In the US, Joe Nacchio of Qwest, Bernie Ebbers of WorldCom, Kenneth Lay and Jeffrey Skilling of Enron and lifestyle purveyor Martha Stewart have been among the high-profile corporate figures convicted on insider trading or fraud charges. In India, however, progress has been slow or tardy in law enforcers going after big names while investigat­ing corporate wrongdoing­s. That, however, seems to be changing. Last week, market regulator Sebi banned those declared as wilful defaulters by banks from accessing the capital market while the Serious Fraud Investigat­ion Office (SFIO), set up more than a decade ago as a multi-disciplina­ry forensic agency to crack down on white-collar frauds, probed companies that lent money to Vijay Mallya’s defunct Kingfisher Airlines in its loan default case.

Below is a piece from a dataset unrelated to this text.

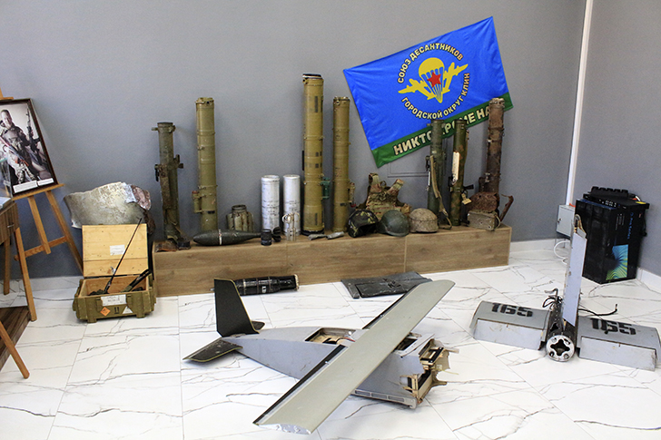 В витринах музея — то, что видело передовую. Пробитые каски, шевроны, флаги, осколки снарядов, приборы ночного видения, трофейное оружие. Но самое ценное здесь не это. Самое ценное — личные вещи: нательный крест, найденный в бронежилете бойца, пожелтевшее письмо из дома, детский рисунок, привезённый с передовой.

The public outcry in Mallya’s case is a pointer to the increasing democratis­ation of India’s corporate culture and the social and political pressures ministers and officials will face if they are perceived as being lenient towards the high and mighty. Officials in the CBI, SFIO, SEBI and RBI should wake up to the ever-increasing calls for public accountabi­lity. On the other side, independen­t directors and boards in public companies have to discharge responsibi­lities on the other side to ensure there are no knocks on their doors from crime-busters.